Examples of the related art include International Publication
Pamphlet No. WO 2010/098130 and International Publication Pamphlet
No. WO 2005/124739.
SUMMARY
According to an aspect of the invention, a speech processing method
for estimating a pitch frequency, the method comprising: executing
a conversion process that includes acquiring an input spectrum from
an input signal by converting the input signal from a time domain
to a frequency domain; executing a feature amount acquisition
process that includes acquiring a feature amount of speech likeness
for each band included in a target band based on the input
spectrum; executing a selection process that includes selecting a
selection band selected from the target band based on the feature
amount of speech likeness for each band; and executing a detection
process that includes detecting a pitch frequency based on the
input spectrum and the selection band.
The object and advantages of the invention will be realized and
attained by means of the elements and combinations particularly
pointed out in the claims.
It is to be understood that both the foregoing general description
and the following detailed description are exemplary and
explanatory and are not restrictive of the invention, as
claimed.
BRIEF DESCRIPTION OF DRAWINGS
FIG. 1 is a diagram (2) for describing the processing of a speech
processing apparatus according to Example 1;
FIG. 2 is a diagram for describing an example of the effect of the
speech processing apparatus according to Example 1;
FIG. 3 is a functional block diagram illustrating a configuration
of a speech processing apparatus according to Example 1;
FIG. 4 is a diagram illustrating an example of a display
screen;
FIG. 5 is a diagram for describing the processing of a selection
unit according to Example 1;
FIG. 6 is a flowchart illustrating a processing procedure of the
speech processing apparatus according to Example 1;
FIG. 7 is a diagram illustrating an example of a speech processing
system according to Example 2;
FIG. 8 is a functional block diagram illustrating a configuration
of a speech processing apparatus according to Example 2;
FIG. 9 is a diagram for supplementing the processing of a
calculation unit according to Example 2;
FIG. 10 is a flowchart illustrating a processing procedure of the
speech processing apparatus according to Example 2;
FIG. 11 is a diagram illustrating an example of a speech processing
system according to Example 3;
FIG. 12 is a functional block diagram illustrating a configuration
of a recording server according to Example 3;
FIG. 13 is a functional block diagram illustrating a configuration
of a speech processing apparatus according to Example 3;
FIG. 14 is a flowchart illustrating a processing procedure of the
speech processing apparatus according to Example 3;
FIG. 15 is a diagram illustrating an example of a hardware
configuration of a computer that realizes a function similar to
that of the speech processing apparatus;
FIG. 16 is a diagram for describing terms related to an input
spectrum;
FIG. 17 is a diagram (1) for describing the related art;
FIG. 18 is a diagram (2) for describing the related art; and
FIG. 19 is a diagram for describing a problem of the related
art.
DESCRIPTION OF EMBODIMENTS
There is a problem that the estimation precision of the pitch
frequency may not be improved with the above-described related
art.
FIG. 19 is a diagram for describing a problem of the related art.

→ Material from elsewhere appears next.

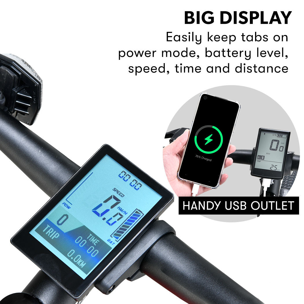 As you ride, the good-sized LCD clearly displays the details you need; Speed, Power Assistance Level, Distance and Battery Charge, and also has a USB outlet for convenient phone charging. The LED headlight is wired to the bikes battery and provides brilliant illumination for night riding. The XDT front forks are adjustable and feature lock out. And, when youre done, the battery is easily removed for a recharge.

For example, depending on the recording environment, in a case
where the fundamental sound or a part of the harmonic sound is not
clear, a correlation value with a cosine wave becomes small and it
is difficult to detect a pitch frequency. In FIG. 19, the
horizontal axis of an input spectrum 5b is the axis corresponding
to the frequency, and the vertical axis is the axis corresponding
to the magnitude of the spectrum. In the input spectrum 5b, a
fundamental sound 3a is small and a harmonic sound 3b is large due
to the influence of noise or the like.
For example, the correlation calculation unit 11 calculates a
correlation value "0.30" between the input spectrum 5b and the
cosine wave 6a. The correlation calculation unit 11 calculates a
correlation value "0.10" between the input spectrum 5b and the
cosine wave 6b.
The search unit 12 compares each correlation value and searches for
a correlation value that is the maximum value. In addition, the
threshold value is set to "0.4". Then, since the maximum value
"0.30" is less than the threshold value, the search unit 12
determines that there is no pitch frequency.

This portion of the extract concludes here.